The zoom transform properties are supplied via d3.event.transform; we destructure them into constants x (x position), y (y position), and k (scale). We update our projection to reflect the values provided by the behavior, and then use our updated projection to update the d value for all the paths and the start and end values of all of our flights.

Hit save and you should have a ludicrously-slow zooming and panning map! Wow, that's really unperformant and awful!

Doing what we did with complex Natural Earth geometry and reprojecting on every tick is awful for performance. You will, quite infrequently, need to do everything you did in the last example to get this behavior working on a chart, but it's good to know because it exposes the ability of d3-zoom to programmatically zoom via transforms. Let's change our approach and just transform the parent container.

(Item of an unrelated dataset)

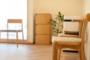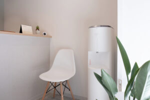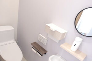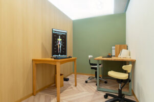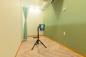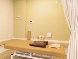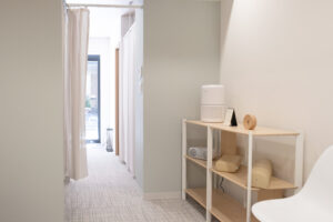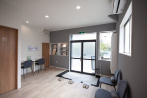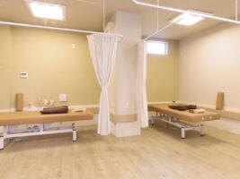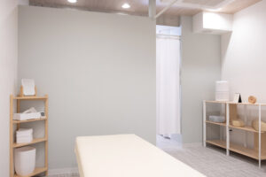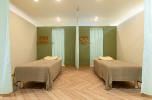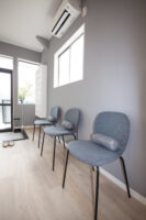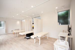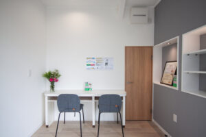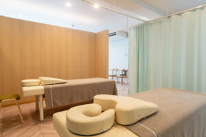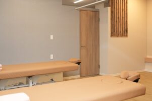 2つの施術スペースのうち、1つのスペースにはベッドを置き、もう1つのスペースは問診・待合スペースとして使えるようなプランになっています。将来的にベッドを2床使った施術もできるように、必要な寸法を確保したプランニングとしました。
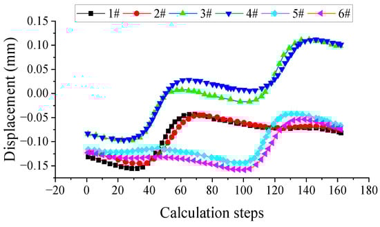 As depicted in Figure 12, when the right line of the interval was excavated beneath the bridge, the bridge experienced maximum horizontal and longitudinal displacements of 0.36 mm, primarily concentrated at the central bridge abutment. The maximum vertical displacement of the bridge foundation was −0.22 mm, indicating significant vertical settlement of the bridge foundation.

In chapter5/index, comment out the following:

zoomMap.addZoomBehavior();

Now, add the following:

zoomMap.addZoomBehaviorTransform();

Save and head back to zoomMap.js:

zoomMap.addZoomBehaviorTransform = () => { 
  const chart = d3.select('#chart'); 

  const zoom = d3.zoom() 
    .scaleExtent([0.5, 2]) 
    .on('zoom', zoomMap.onZoomTransform); 

  chart.call(zoom); 
};

Wow, that's quite a lot easier, isn't it? Same as before, just not having to set up projections or initial transforms. Let's move on to our event handler:

zoomMap.onZoomTransform = () => { 
  const container = d3.select('#container'); 
  container.attr('transform', d3.event.transform); 
  container.selectAll('path') 
    .style('stroke-width', 1 / d3.event.transform.k); 
};

This is even simpler! We select the container and set its transform property to the contents of d3.event.transform (which outputs as a value you can pass to the transform property when output as a string). We even get a bit fancy and scale the stroke width of our geometry to reflect the scale value; in reality, it can be a one-liner.

Hit save and try your map again. That's miles better, isn't it? D3 gives you a lot of freedom in implementing things; understanding which is the best route for any particular project comes from practice and knowing your audience.